Илья разжал пересохшие губы и, медленно роняя слова, проговорил:
– Эти женщины – они что, были знакомы? И Жанна… – Голос его был едва слышен, и, если бы не гулкая тишина, мне пришлось бы переспросить.
– Сначала я тоже так подумала. Но потом оказалось, что дело не в женщинах, Илюша. – Теперь предстояло произнести главное, но мне не хватало духу. Его реакция меня пугала.
– Не в женщинах, – эхом, все так же тихо повторил он.
– Похоже, что связаны между собой не они, а их мужья. Не понимаю, не улавливаю никакой логики, но это так. Ты и трое других мужчин были женаты на женщинах, которые… Ну, ты знаешь. – Я снова сбилась и говорила не то, что следовало. Потом-то я поняла, что бессознательно тянула время в попытке не говорить главного. – Их звали Александр Сомов, Михаил Рогов и Валерий Гаранин. Они, как и ты, родились и выросли в деревне Кири. И еще. Все случаи происходили летом, с разницей в три года. Это не может быть случайностью!
Все, выстрел сделан. Молчание длилось и длилось. Я раз за разом обводила взглядом кабинет, уже не замечая его убранства. Смотрела на Илью, но он сидел, застывший и холодный, уставившись перед собой отрешенным стеклянным взором, похожий на одну из ледяных статуй, что устанавливают на городских улицах под Новый год.
– Ты был знаком с ними? – не выдержала я. – Знал этих людей или нет? Скажи!

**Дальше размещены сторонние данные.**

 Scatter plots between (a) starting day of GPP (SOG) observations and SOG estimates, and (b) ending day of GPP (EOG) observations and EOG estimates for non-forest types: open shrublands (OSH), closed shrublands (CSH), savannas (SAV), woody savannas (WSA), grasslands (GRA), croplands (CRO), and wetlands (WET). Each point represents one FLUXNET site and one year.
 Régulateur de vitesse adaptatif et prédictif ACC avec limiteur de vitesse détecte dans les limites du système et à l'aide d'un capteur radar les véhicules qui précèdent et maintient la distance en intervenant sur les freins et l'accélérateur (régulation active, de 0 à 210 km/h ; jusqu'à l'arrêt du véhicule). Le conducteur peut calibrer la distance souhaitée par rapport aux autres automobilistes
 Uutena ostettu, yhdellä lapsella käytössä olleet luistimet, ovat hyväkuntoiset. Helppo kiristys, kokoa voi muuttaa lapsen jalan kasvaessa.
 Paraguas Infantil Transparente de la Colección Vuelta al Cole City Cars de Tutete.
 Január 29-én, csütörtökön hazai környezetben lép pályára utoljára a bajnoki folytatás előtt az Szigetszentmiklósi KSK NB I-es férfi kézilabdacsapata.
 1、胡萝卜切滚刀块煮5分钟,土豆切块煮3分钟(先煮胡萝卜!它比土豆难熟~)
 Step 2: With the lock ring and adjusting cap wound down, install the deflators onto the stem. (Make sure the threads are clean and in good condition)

Илья еще немного потянул паузу, как театральный актер. И на актерский же манер, чуть нараспев, проговорил:
– А то как же. Конечно, как не знать. Валька, Миха, Сашок.
Я заметила, что голос его звучит выше и тоньше, чем обычно. В нем почему-то зазвенела юношеская ломкость, словно говорил не взрослый мужчина, а подросток лет семнадцати-восемнадцати.

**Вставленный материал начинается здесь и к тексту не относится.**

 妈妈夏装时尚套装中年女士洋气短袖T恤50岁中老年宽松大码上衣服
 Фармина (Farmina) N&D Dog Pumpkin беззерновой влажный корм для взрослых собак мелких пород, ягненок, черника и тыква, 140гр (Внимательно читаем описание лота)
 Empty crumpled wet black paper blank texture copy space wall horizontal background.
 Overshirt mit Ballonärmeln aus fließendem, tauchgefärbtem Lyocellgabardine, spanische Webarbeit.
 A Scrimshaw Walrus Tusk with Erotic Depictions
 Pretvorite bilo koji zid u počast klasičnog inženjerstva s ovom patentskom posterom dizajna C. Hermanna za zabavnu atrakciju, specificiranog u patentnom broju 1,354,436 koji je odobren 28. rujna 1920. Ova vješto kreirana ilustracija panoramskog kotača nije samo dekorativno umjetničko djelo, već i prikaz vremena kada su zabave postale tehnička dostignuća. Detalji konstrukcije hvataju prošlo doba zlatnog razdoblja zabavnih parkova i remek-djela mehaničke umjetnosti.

Выходит, я была права. Он их знал. Причем знал хорошо – называл уменьшительными именами, дворовыми, школьными прозвищами, которые эти люди, видимо, носили в юности.
Теперь сомнений не оставалось: то, что произошло с женами и детьми этих четверых мужчин, было связано со случившимся давным-давно в деревне Кири. Откуда взялась эта связь, я не представляла себе даже отдаленно, но в том, что она была, больше не сомневалась.
Итак, моя сестра оказалась замешана в каком-то кошмаре. Она умерла, и Дашуля погибла тоже. А мои родители, которым бы еще жить да жить и радоваться жизни… Что стало с ними по вине этого человека!.. Меня захлестнули ярость и отчаяние, я не желала больше проявлять деликатность и потребовала:
– Объясни по-человечески! Ты понимаешь, в чем дело? Что произошло в этих твоих Кирях, когда вы были детьми?! Что вы вчетвером натворили? Отвечай! При чем тут круг и тройка? – Эти последние слова вырвались неожиданно для меня самой. Я не собиралась говорить ничего такого, но слова Фариды вдруг пришли мне на ум.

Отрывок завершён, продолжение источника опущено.